We have shortened the introduction along the lines suggested by reviewers.
2) The objective of each step of the model is not clearly explained and it is left to the reader to understand where the authors want to go. At first read, it is not clear whether the authors present an analysis of the model or simulation results and why they do that. So, the results part deserves rewriting and re-organization to guide the reader.
We edited the Results section to make the progression of the argument clearer (as detailed below).
3) The choice of key parameters is justified except for Prdm9 occupancy, and potential competition between different Prdm9 variants for DSB activity.

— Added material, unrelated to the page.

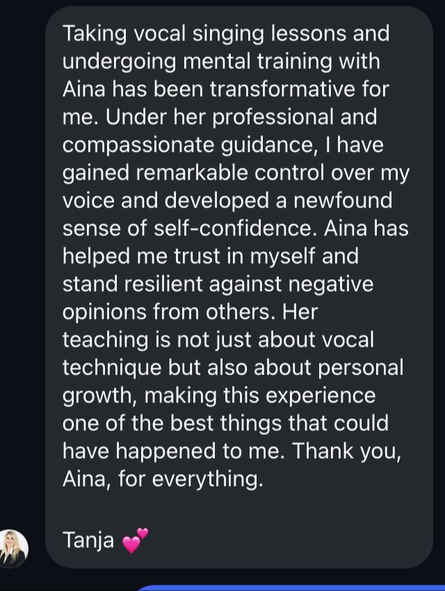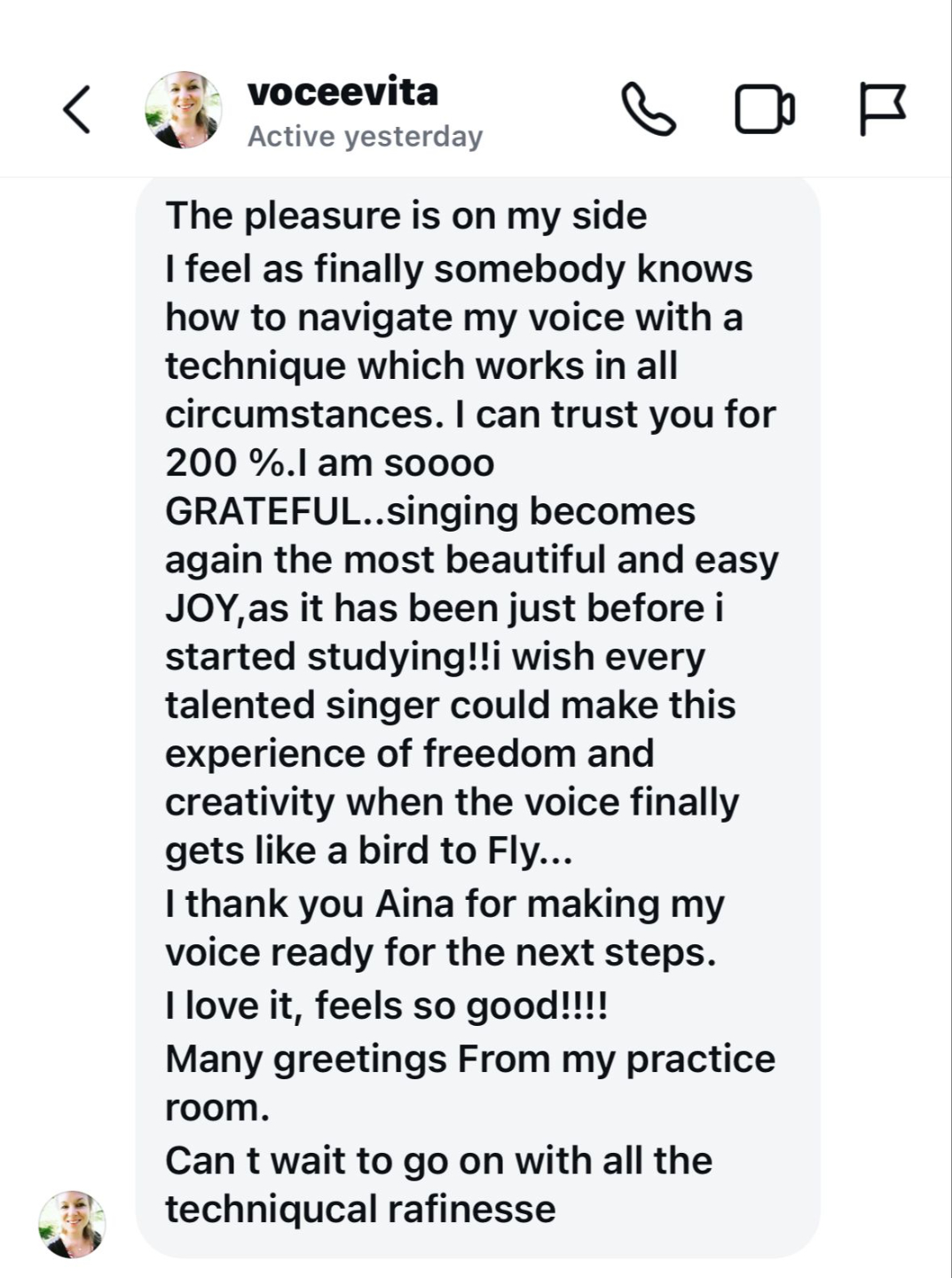 For 18 years, I've been the only coach in the world combining the old school Bel Canto technique with sports psychology methods. This has helped countless women unlock their true vocal potential.

We have now added a justification of these choices. We also added two appendixes that consider alternative assumptions, and parts that address specific assumptions, including those about competition, to the Discussion. We now clarify in the Model that our assumption about the vast majority of expressed PRDM9 molecules being bound results in negligible degrees of competition between different PRDM9 variants for DSB activity:
“This approximation assumes that conditional on being bound, PRDM9 molecules arising from different alleles are equally likely to recruit the DSB machinery, but allows for some degree of dominance as a consequence of differences in the numbers of sites bound by each allelic variant genome-wide. However, in the main case we explore below (the "two-heat model"), our assumption that the vast majority of PRDM9 molecules are bound for all alleles results in negligible degrees of dominance arising from differences in genome-wide levels of binding.”
4) Developing the specific predictions relative to previous red-queen models, for Prdm9 diversity in human and mice, for gene dosage effects reported in mice.
We chose the two-heat model as a reasonable first approximation to the true distribution. If we were to consider a more realistic binding distribution (or similarly, if we relaxed our assumption about most PRDM9 molecules being bound), the quantitative conclusions would likely be affected. Accordingly, while our simplified model provides robust insights into the dynamics of PRDM9 evolution, quantities such as the predicted levels of diversity in our model may be off and cannot be readily compared to what is observed in human and mice populations. We now better clarify the scope of our results and what may be done to extend it, in the Discussion.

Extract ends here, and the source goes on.